Network analysis uncovers the communication structure of SARS-CoV-2 spike protein identifying sites for immunogen design

Highlights

• The main hubs of communication of the protein are located in the NTD and CT0 regions

• The D614G variant is more resilient to disruption than the ancestral form

• Empirical model validation shows that a N317P substitution could impact ACE2 binding

• A network analysis approach could guide the design of effective immunogens

Summary

The COVID-19 pandemic, caused by the SARS-CoV-2 virus, has triggered myriad efforts to understand the structure and dynamics of this complex pathogen. The spike glycoprotein of SARS-CoV-2 is a significant target for immunogens as it is the means by which the virus enters human cells, while simultaneously sporting mutations responsible for immune escape. These functional and escape processes are regulated by complex molecular-level interactions.
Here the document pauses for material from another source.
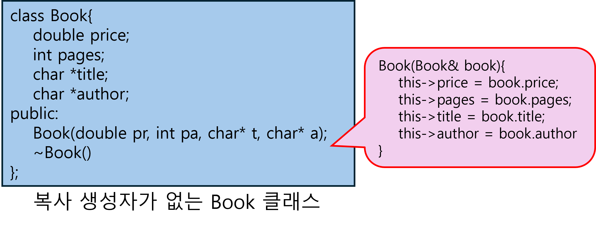 메모리 공유하는데 다른 곳에서 이 객체를 값에 의한 호출을 하면 그 함수가 끝났을 때, 소멸자가 호출되게 되버린다.

Our study presents quantitative insights on domain and residue contributions to allosteric communication, immune evasion, and local- and global-level control of functions through the derivation of a weighted graph representation from all-atom MD simulations. Focusing on the ancestral form and the D614G-variant, we provide evidence of the utility of our approach by guiding the selection of a mutation that alters the spike’s stability. Taken together, the network approach serves as a valuable tool to evaluate communication “hot-spots” in proteins to guide design of stable immunogens.